Records shown:
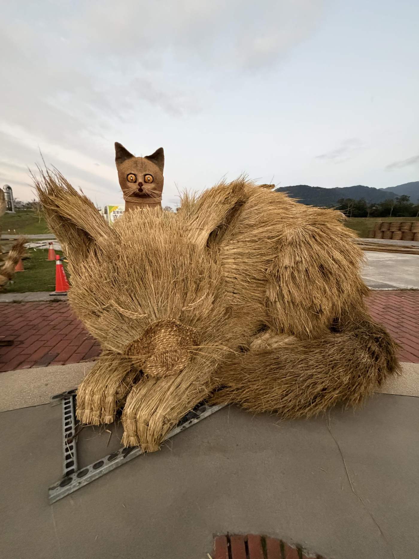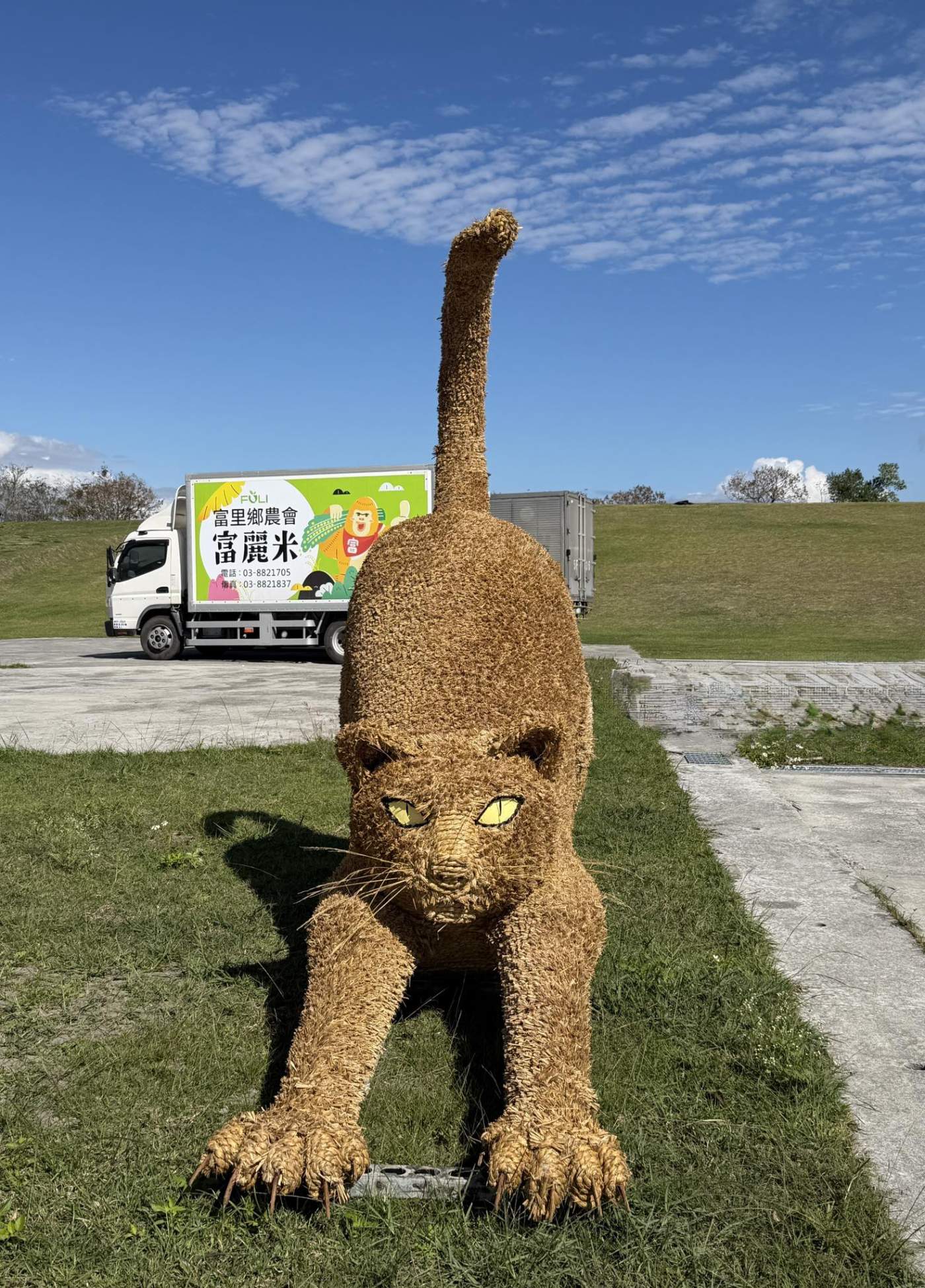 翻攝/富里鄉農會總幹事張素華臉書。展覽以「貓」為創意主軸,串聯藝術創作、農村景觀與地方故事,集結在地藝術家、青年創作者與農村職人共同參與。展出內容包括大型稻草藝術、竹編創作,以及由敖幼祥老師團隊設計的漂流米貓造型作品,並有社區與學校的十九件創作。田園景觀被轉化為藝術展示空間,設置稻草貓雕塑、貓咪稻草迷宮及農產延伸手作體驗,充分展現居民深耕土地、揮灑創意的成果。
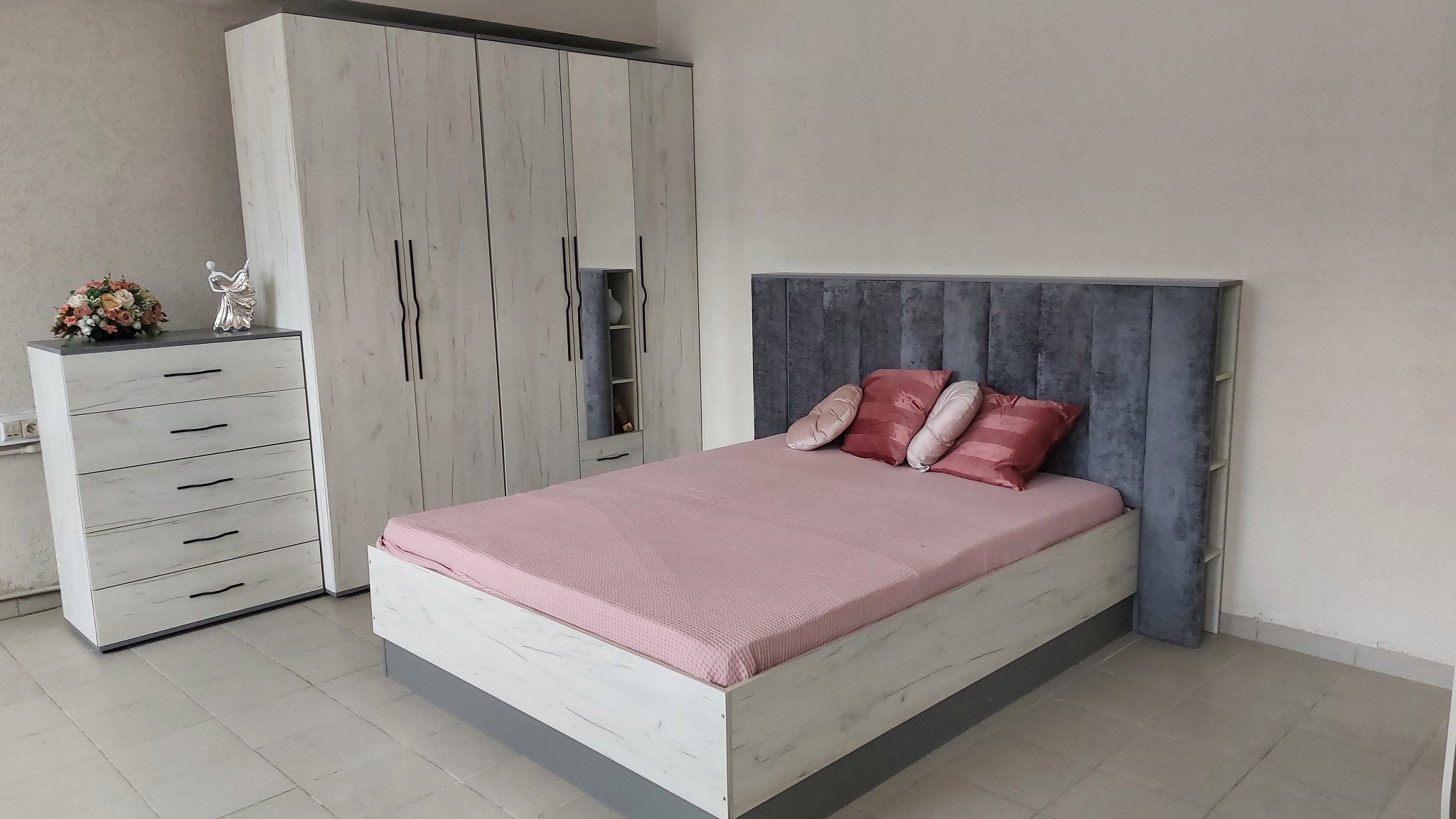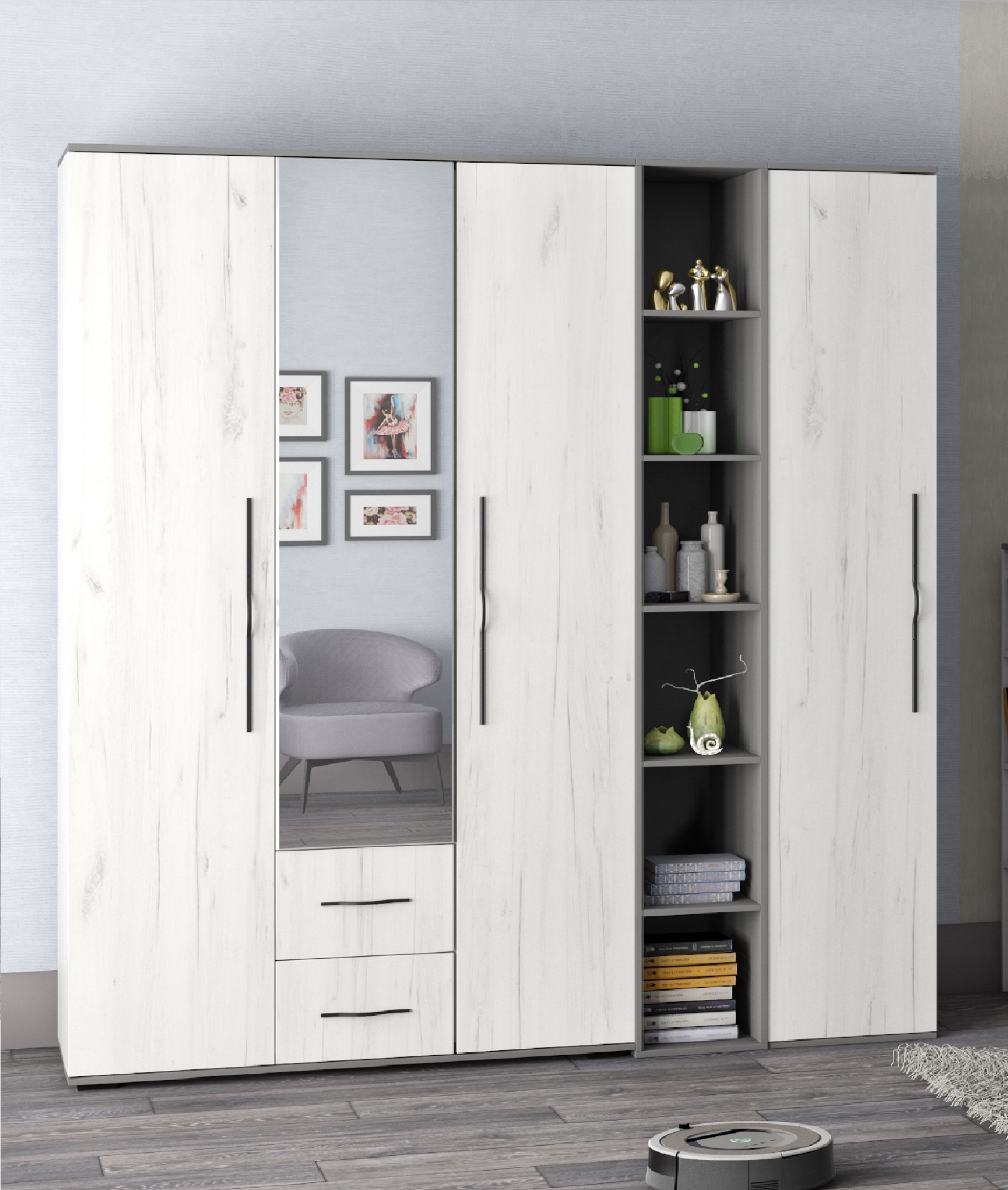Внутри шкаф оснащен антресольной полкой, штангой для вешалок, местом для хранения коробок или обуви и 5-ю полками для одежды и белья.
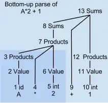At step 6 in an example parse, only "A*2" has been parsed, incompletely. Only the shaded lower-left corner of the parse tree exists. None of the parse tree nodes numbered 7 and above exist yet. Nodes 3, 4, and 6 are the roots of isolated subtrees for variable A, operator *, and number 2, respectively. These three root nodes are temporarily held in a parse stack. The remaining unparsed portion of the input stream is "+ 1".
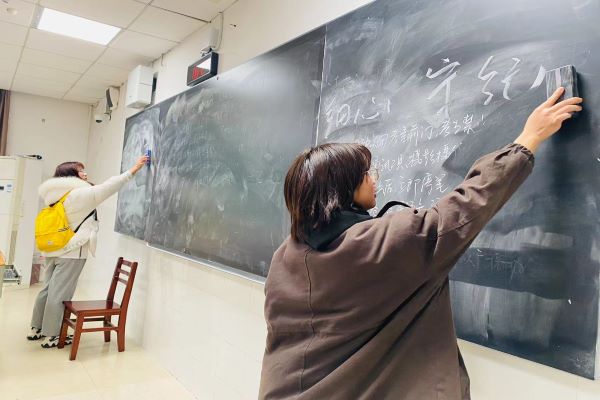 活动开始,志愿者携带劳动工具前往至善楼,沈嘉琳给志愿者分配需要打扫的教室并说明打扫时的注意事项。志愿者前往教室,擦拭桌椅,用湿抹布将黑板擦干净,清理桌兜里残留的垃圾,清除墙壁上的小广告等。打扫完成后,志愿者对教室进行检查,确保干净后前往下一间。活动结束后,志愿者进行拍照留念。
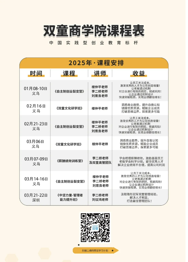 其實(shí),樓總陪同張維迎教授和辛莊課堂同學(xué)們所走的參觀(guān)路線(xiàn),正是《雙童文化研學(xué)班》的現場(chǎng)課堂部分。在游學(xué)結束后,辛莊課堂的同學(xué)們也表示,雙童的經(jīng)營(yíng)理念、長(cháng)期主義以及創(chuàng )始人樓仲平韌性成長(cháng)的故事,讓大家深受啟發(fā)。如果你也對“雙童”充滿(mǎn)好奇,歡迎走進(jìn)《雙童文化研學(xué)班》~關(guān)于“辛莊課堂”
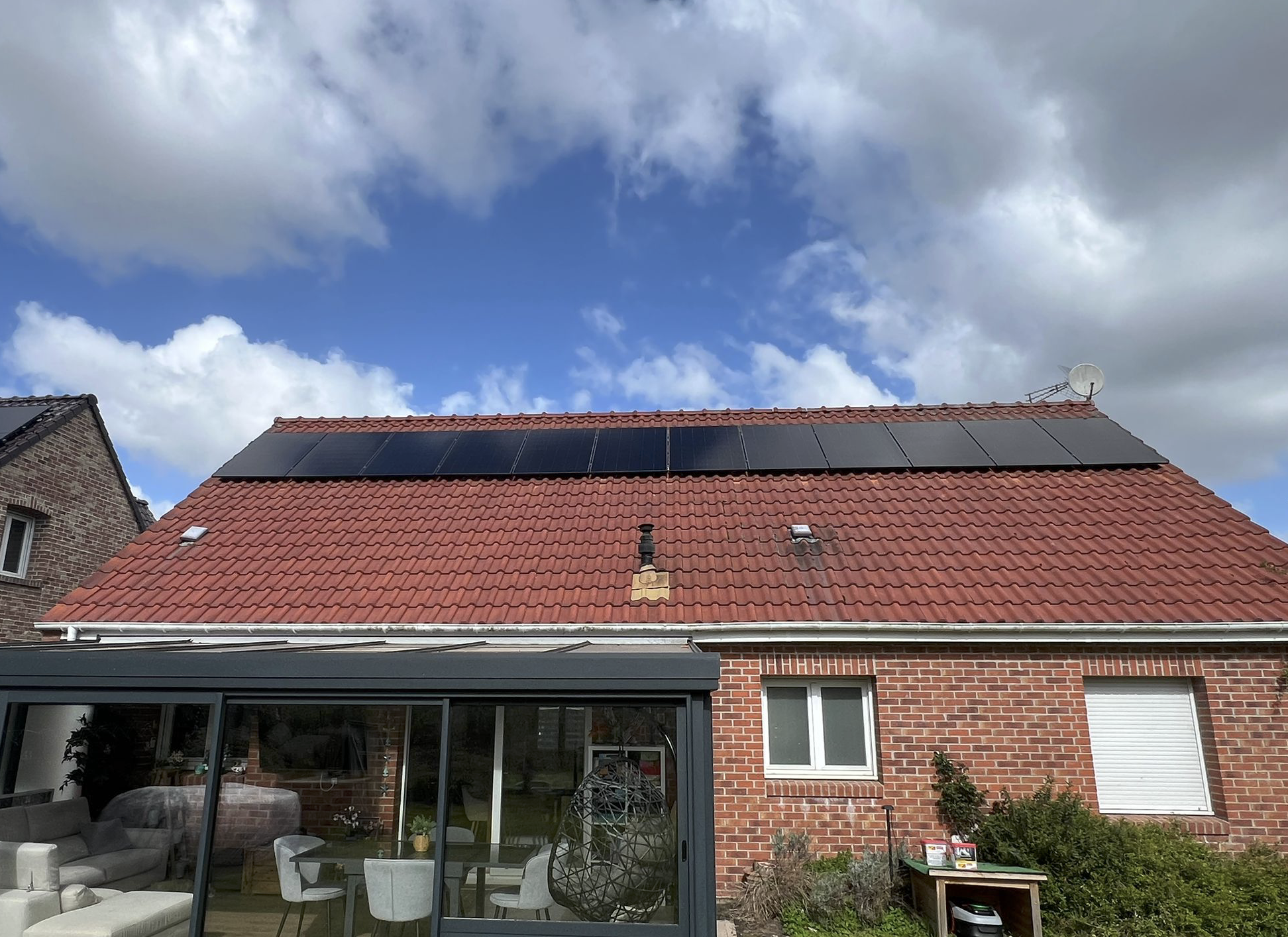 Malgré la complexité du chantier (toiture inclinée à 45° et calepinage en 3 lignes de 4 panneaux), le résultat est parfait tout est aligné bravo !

Task directions:
Write out exactly the lines from the line that contains "其實(shí),樓總陪同張維" through the end of the material, including both ends. No pictures belong in the copy.

Solved exercise:
 其實(shí),樓總陪同張維迎教授和辛莊課堂同學(xué)們所走的參觀(guān)路線(xiàn),正是《雙童文化研學(xué)班》的現場(chǎng)課堂部分。在游學(xué)結束后,辛莊課堂的同學(xué)們也表示,雙童的經(jīng)營(yíng)理念、長(cháng)期主義以及創(chuàng )始人樓仲平韌性成長(cháng)的故事,讓大家深受啟發(fā)。如果你也對“雙童”充滿(mǎn)好奇,歡迎走進(jìn)《雙童文化研學(xué)班》~關(guān)于“辛莊課堂”
 Malgré la complexité du chantier (toiture inclinée à 45° et calepinage en 3 lignes de 4 panneaux), le résultat est parfait tout est aligné bravo !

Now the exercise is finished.